Publishers have welcomed the government’s new export strategy, which challenges firms to see exports as a proportion of UK GDP rise from 30% to 35%.
The international trade secretary Liam Fox laid out the targets in a speech on Tuesday (21st August), saying that while the UK punched above its weight in exports, with the value of goods and services shipped out of the UK at a record high of £620bn last year, it also punched “significantly below” its potential.
“Exports represent 30% of our GDP, which is broadly similar to France, Italy and Canada, but substantially behind Germany. Given all (our) strengths, we should be at the top of this pack, not in the middle,” he said, adding that the UK should “set its sights high” upon leaving the European Union.
To help businesses up their export capabilities, Baroness Fairhead, Minister for Trade and Export Promotion, said the government would encourage and inspire firms that have not started to export, provide them with information, advice and practical assistance on exporting and connect them to overseas buyers and markets using its networks in the UK and overseas.
Fairhead also pledged to “place finance at the heart of our offer.”
Working with trade associations and other export support providers would be “critical” to the delivery of the export strategy, she added.
“Raising our exports as a share of GDP from 30% to 35% is a formidable challenge, but the world is calling out for the quality goods and services the UK provides. It’s an ideal time for us all to step up, work together, and answer that call,” she said.
The Publishers Association (PA) has welcomed the export target as “ambitious but achievable” if the government followed through on its pledged to engage support across Whitehall and business.
“UK publishing is a model of export success and with 60% of industry revenues now coming from overseas publishers understand the potential and the challenges of broad international markets,” Stephen Lotinga, c.e.o. of the PA said.
The focus on practical support for SMEs was welcome for small publishers along with the commitment to continuing the vital support they receive from the Tradeshow Access Programme (TAP) funding.
However, Lotinga added: “While the government’s commitment to work with trade associations is also welcome, this engagement must be meaningful and with a practical focus on enhancing and enforcing the IP rights that so many UK exporters depend on.”
The Federation of Small Businesses praised the government’s export aspiration but said more financial incentives, such as grants and "export vouchers", were needed which small companies could use to invest in things such as translation services or market research.
Publishers’ export sales were up 8% in 2017 to £3.4bn, accounting for 60% of total sales, according to the PA's annual Yearbook. The fall in the value of the pound after the UK’s decision to Brexit in June 2016 has helped UK businesses’ wares seem cheaper and more attractive to foreign buyers, including publishers' IP. However, speaking last month, Lotinga said another reason for publishers’ success overseas was UK creators’ IP being “in demand around the world”.

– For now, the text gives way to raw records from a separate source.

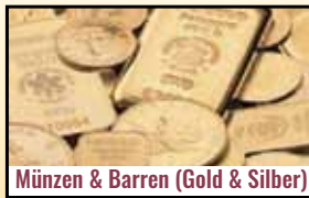
Münzen & Barren (Gold & Silber)
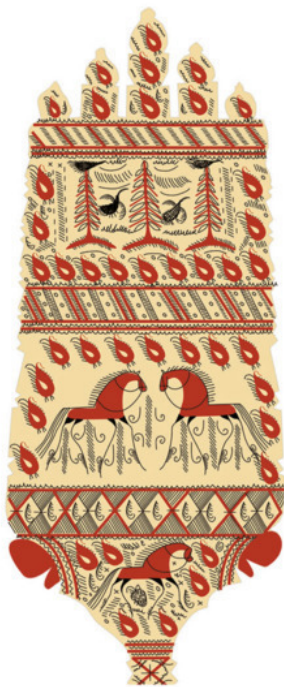
Рис. 7. Зарисовка фрагментов старинных прялок
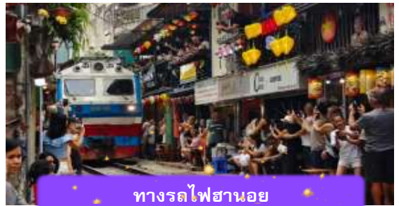
ทางรถไฟฮานอย

เช้า บริการอาหารเช้า ณ ห้องอาหารของโรงแรม หลังจากนั้นนำท่านเดินทางสู่ ทางรถไฟฮานอย เป็นแหล่งท่องเที่ยวที่ได้รับความนิยมในกรุงฮานอย ประเทศเวียดนาม จุดเด่นของที่นี่คือทางรถไฟที่วิ่งผ่านย่านชุมชนที่อยู่อาศัย ทำให้เกิดภาพวิถีชีวิตที่แปลกตาและเป็นเอกลักษณ์ ท่านสามารถทดลองชิมกาแฟต่างๆจากเวียดนามได้ที่นี้ อาทิ กาแฟนมเวียดนามที่มีความเข้มข้น กาแฟไข่มูนุ่มวลหอมละมุน หรือกาแฟเกลือที่ให้ความรู้สึกแปลกแต่อร่อยอย่างบอกไม่ถูก (ไม่รวมค่าเครื่องดื่ม)
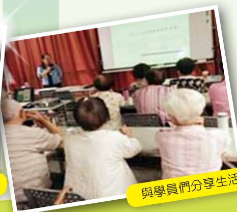
與學員們分享生活舒壓小方法
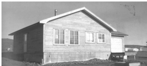
Sætún, GogG, 201
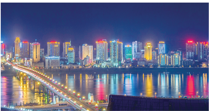
株洲夜景

媒体融合,移动优先。欢迎来到“火龙果视频”专区。在这里,我们用视频推介株洲高质量发展亮点,扫描当下时政社会热点,服务市民生活难点。我们期待,所有读者,一同参与,或提供成品,或共同拍摄制作。题材不限,有趣的、有用的、工作的、生活的,均可。联系电话:22896942;视频投稿邮箱:736700050@qq.com(可发视频,也可只附上网上链接地址),一经采用,稿酬从优。
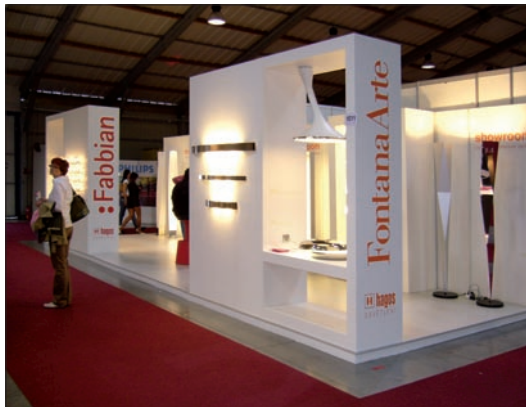
Obr. 1. Hagos

V podzimních dnech 4. až 7. října 2007 patřil Pražský veletržní areál Letňany opět po roce přehlídce moderního interiérového vybavení, doplněné tentokrát nabídkou všeho, co souvisí se zdravým životním stylem (lázeňství, rehabilitace,
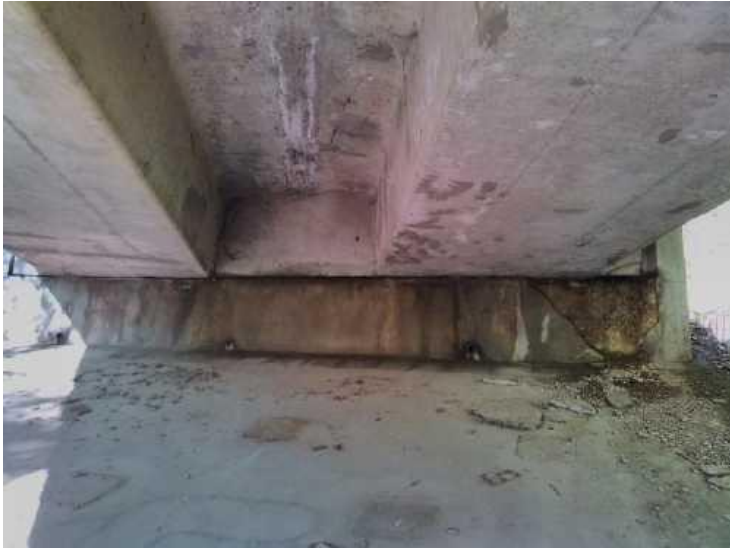
Pohled na O4 - hloubková degradace betonu v místě intenzivních průsaků dilatační sparou.
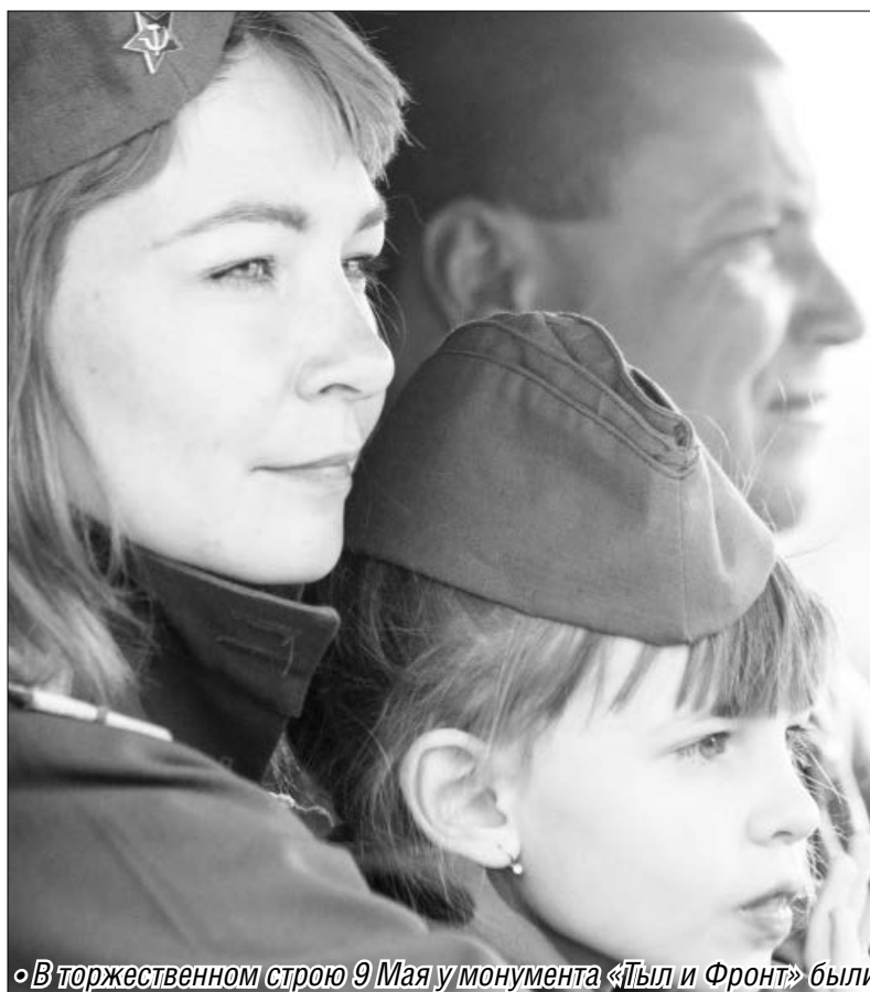
• В торжественном строю 9 Мая у монумента «Тыл и Фронт» были тысячи магнитогорцев — и первые лица города, и рядовые горожане
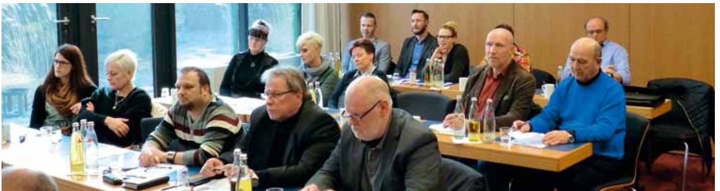
Die Fachschaftsvertreter des BSBD sprachen sich für die Einführung einer flächendeckenden Statistik über verbale und körperliche Übergriffe von Gefangenen aus, um die Dimension einer gefühlt negative Entwicklung mit konkretem Zahlenmaterial zu belegen oder zu widerlegen.

Das Gremium war sich einig, dass diese Überlastung der Kolleginnen und Kollegen zeitnah beendet werden müsse, zumal sich weitere Herausforderungen bereits abzeichneten, für deren Wahrnehmung nochmals 350 Personalstellen zu veranschlagen seien. Von der Politik sei nachdrücklich die Behebung dieses Missstandes zu verlangen. Als überaus kritikwürdig schätzten die BSBD-Man-
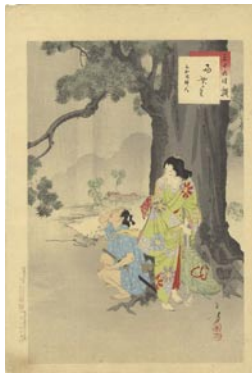
550 雨やど里 マージン左下角少シミ 8,000円
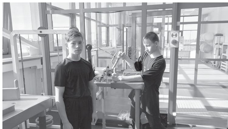
Желающие могли испытать свою силу на тренажёрах в СК «Ярково»

Весенние каникулы – это замечательная возможность с пользой провести свободное время, отдохнуть, набраться сил перед финальной четвертью.
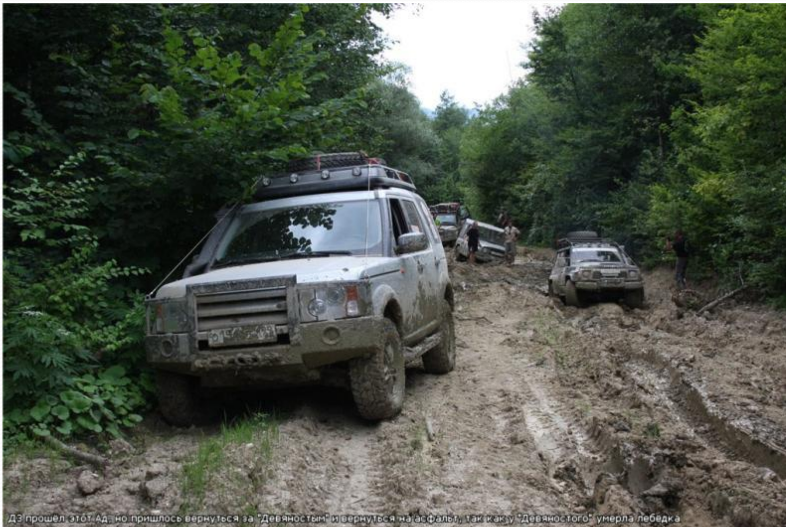
ДЗ прошел этот Ад, но пришлось вернуться за "Девяностым" и вернуться на асфальт, так как у "Девяностого" умерла лебедка
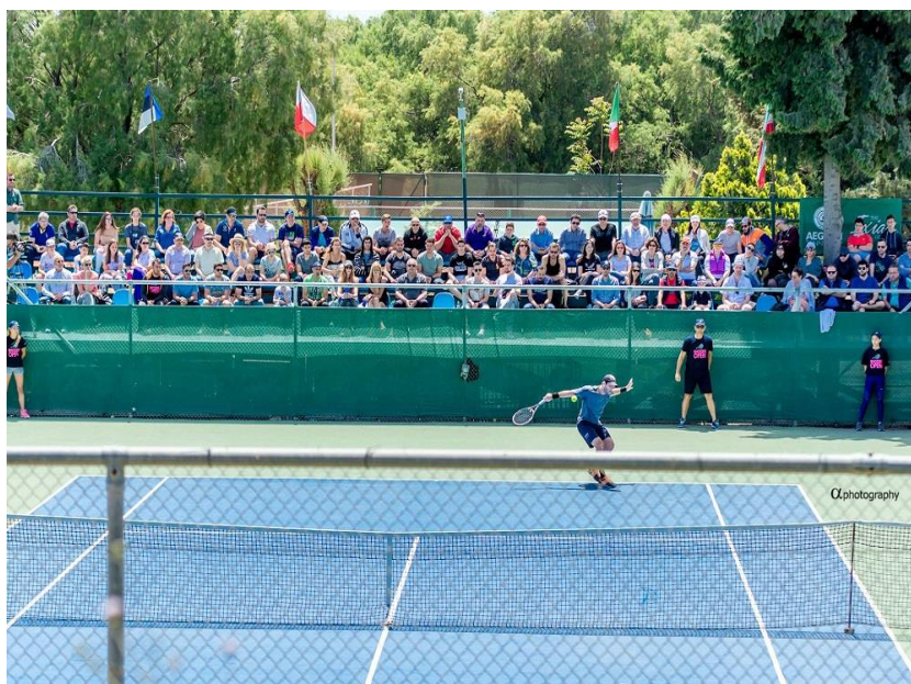
Εικόνα 9. Στιγμιότυπο από τους αγώνες ITF SENIOR «RHODES OPEN» τον Μάιο του 2019
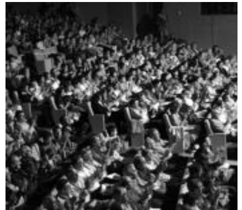
Herritarrak kantuan. Leidor aretoa segituan bete zen, ereserkia kantatu zuten 750 herritarrekin. i. t.
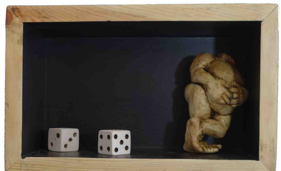
JOAQUÍN BOTERO EN CAJA DO 2, 3, 5
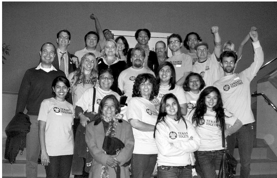
Inquilinos y apoyadores celebraron la aprobación de la Ordenanza para Desalojos con Justificación enactada por el ayuntamiento de la ciudad de Merced. Tenants and supporters celebrate passage of Just Cause Ordinance at Merced City Council.
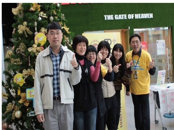
泰短宣：六位巴拿巴宣教學院學員 +
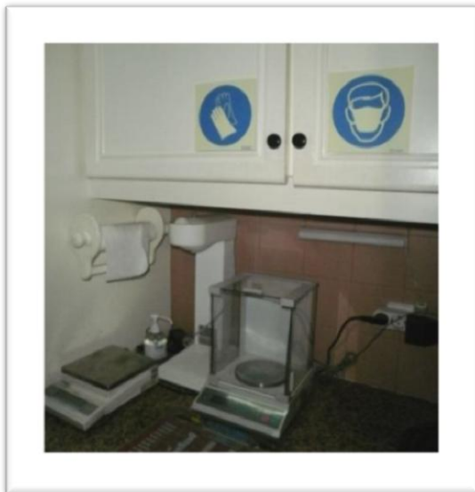
Fig. 3 Laboratório de Manipulados
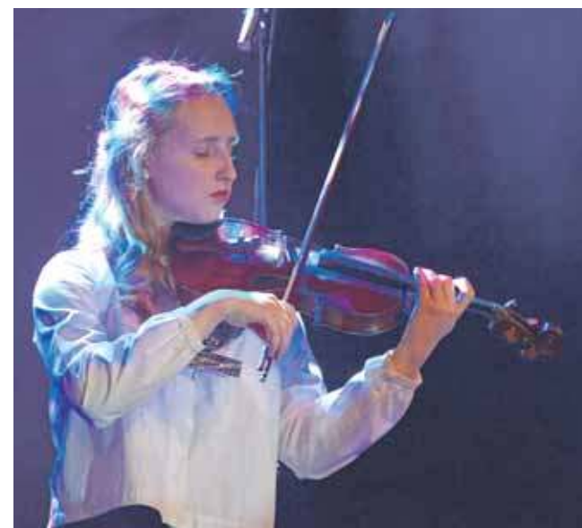
Na scenie pojawili się wychowankowie placówki

mu podejściu kadry pedagogicznej, specjalistów oraz całego personelu otrzymują wsparcie i pomoc, aktywnie uczestniczą we wszystkich zajęciach, uroczystościach i imprezach organizowanych na terenie placówki oraz w środowisku lokalnym, mogą się w pełni rozwijać.
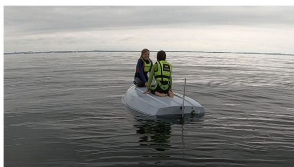
Kæntringer og tryghed på intro holdet
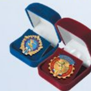
FU125a (бордо) FU125b (синий) Внут. размер: 45х42 мм

ПОДЛОЖКА В УПАКОВКЕ ДЛЯ ЗНАКОВ «ГОТОВ К ТРУДУ И ОБОРОНЕ»
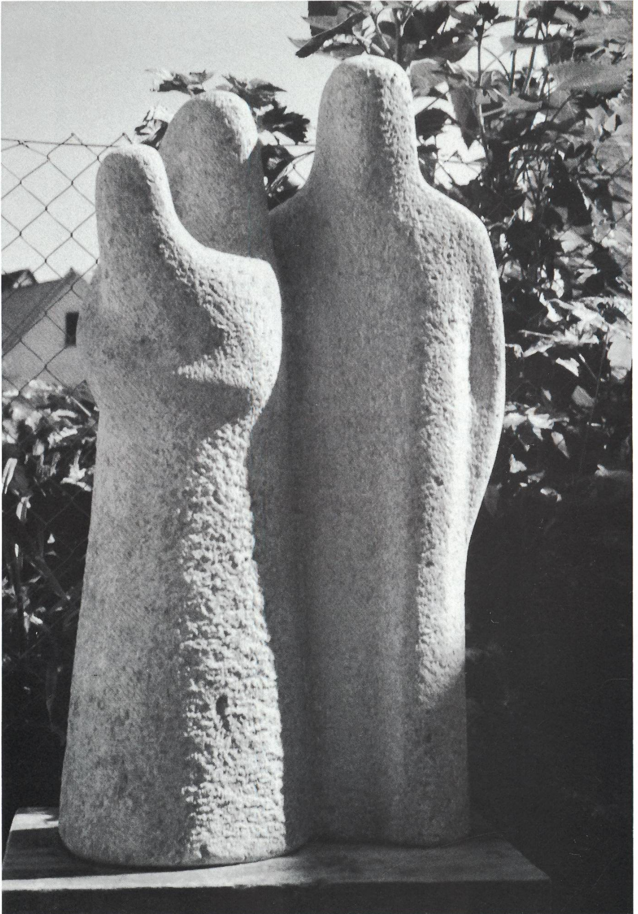
Waldfamilie (1938), Stein
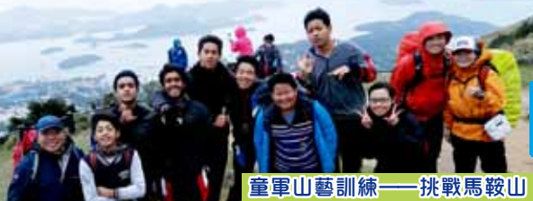
童軍山藝訓練——挑戰馬鞍山

訓導組與輔導組合作，實施關愛共融政策，在開學初期為中一新生舉辦輔導日，關顧新同學，促進他們適應中學陌生的學習環境以及全新的校園文化。
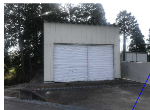
No. 7: (車庫) シャッター破損【復旧完了】
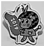
令和元年度のピンバッジ

10月1日から全国一斉に募金運動が始まります。つがる市では、つがる市共同募金委員会が運動を展開しています。今年は、新型コロナウイルス感染症の影響で羽根が不足しており、赤い羽根に代わりつがる市のマスコットキャラクターである、つがるちゃんと青森県共同募金会とがコラボしたステッカーを募金した方に配布することになります。みなさんのお宅へ「募金ボランティア(福祉推進委員等)」が訪問した際は、ご協力くださいますようお願い申し上げます。また、昨年度大変好評だった、つがるちゃんピンバッジにつきましても、10月1日より社協窓口にて行う予定です。
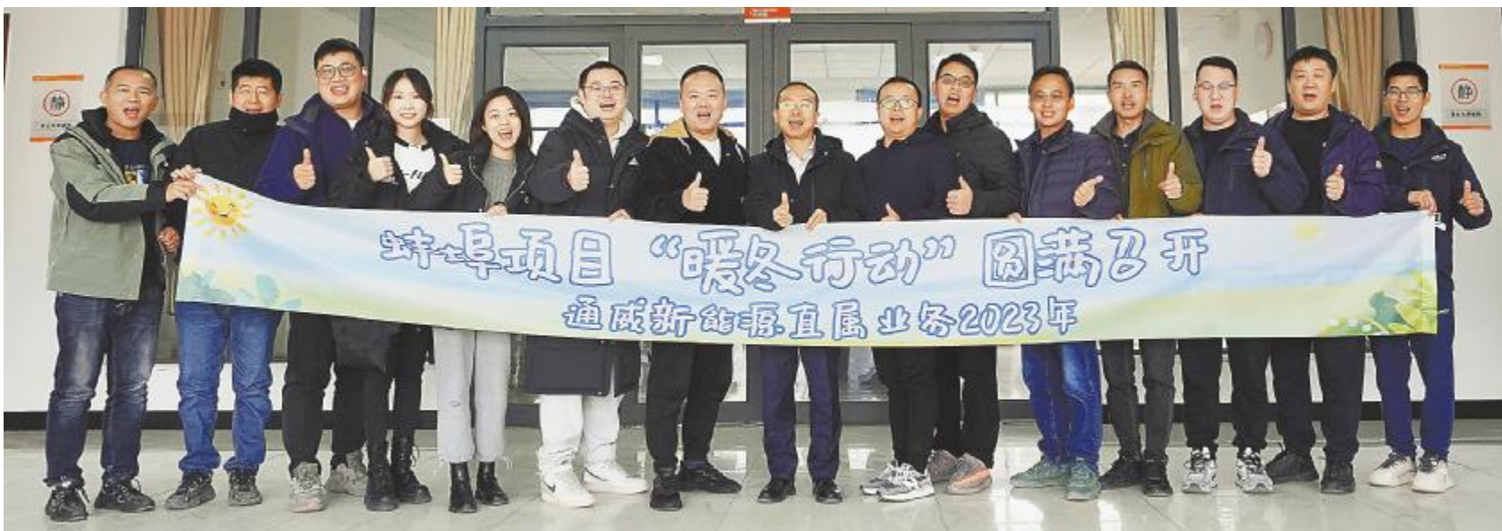
通威新能源直属业务暖冬行动走进蚌埠项目建设一线
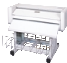
■ KIP500 ファンフォルダ
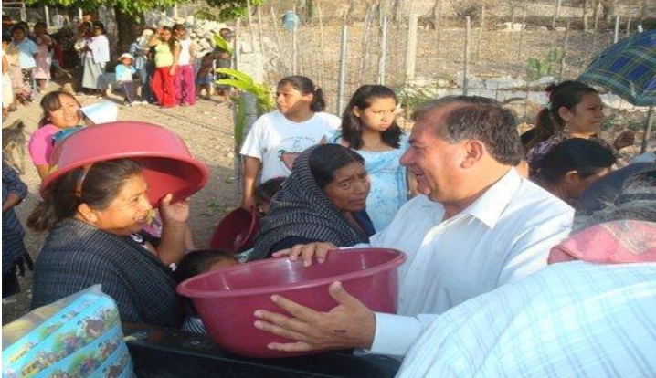
Comunidad de Santo Domingo Chapultepec.
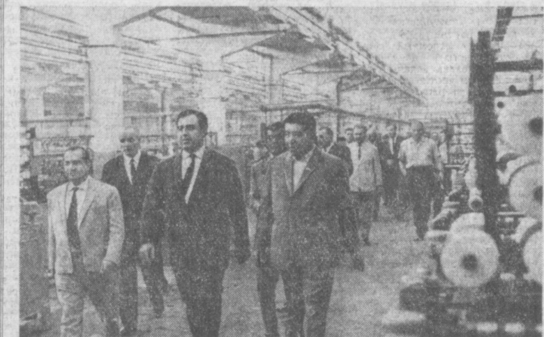
Пребывание в Узбекистане партийно-государственной делегации Сирийской Арабской Республики. На снимке: слева — сирийские гости на Ташкентском текстильном комбинате; справа — высокие гости из Сирии в колхозе имени Хамраула Турсункулова.

От имени Совета Министров Союза Советских Социалистических Республик сердечно приветствуют участников и гостей VI Московского международного кинофестиваля. Международные кинофестивали в Москве стали традиционными смотрами прогрессивного киноискусства, обладающего огромной силой воздействия на формирование духовного мира современного человека. Знаменательно, что VI Московский кинофестиваль проводится накануне великой даты — столетия со дня рождения основателя и руководителя первого в мире социалистического государства Владимира Ильича Ленина, жизнь и деятельность которого была посвящена борьбе за свободу и счастье трудящихся всех стран. Советский народ высоко ценит произведения киноискусства, отмеченные глубиной и правдивостью отображения действительности, силой жизнеутверждающих идей, художественным совершенством. В наши дни особенно важно, чтобы такое могучее искусство, как кинематограф, служило общественному прогрессу, объединению людей в борьбе за прочный мир и безопасность народов. Этим благородным целям отвечает девиз фестиваля: «За гуманизм киноискусства, за мир и дружбу между народами!». Поздравляю вас с началом нового международного смотра достижений киноискусства в столице нашей Родины — Москве и желаю его участникам и гостям творческих успехов. А. КОСЫГИН, Председатель Совета Министров СССР.
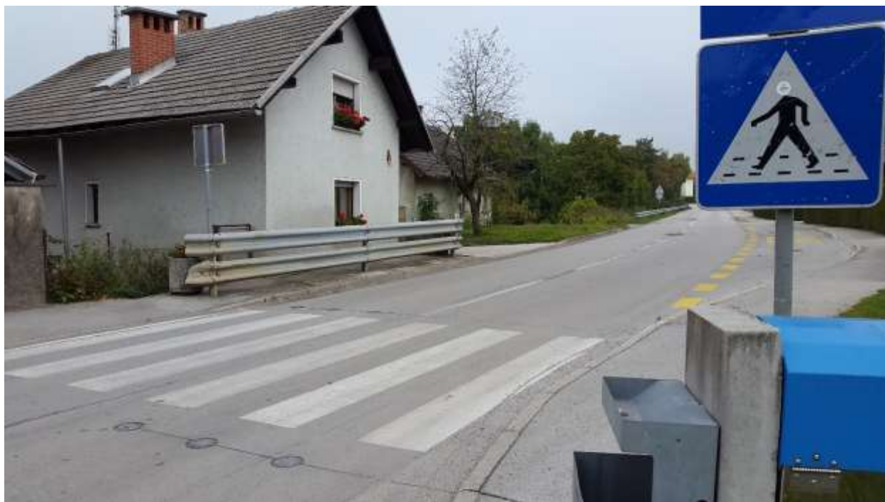
Slika 1: Nepregledno križišče v Trbojah – slabo viden prehod za pešce, če se pripelješ iz Vokla.

Altogether Europe accounted for 36% of the invoiced value of exports in 2017, down from 39% in 2013. East/South Asia saw its share of exports increase from 15% to 18% between 2013 and 2017, with the Other Americas share up from 5% to 8%. North America and Africa Sub-Sahara’s shares each fell by 1% point over the same period, while the Middle East/ North Africa and Australasia maintained 14% and 9% shares respectively.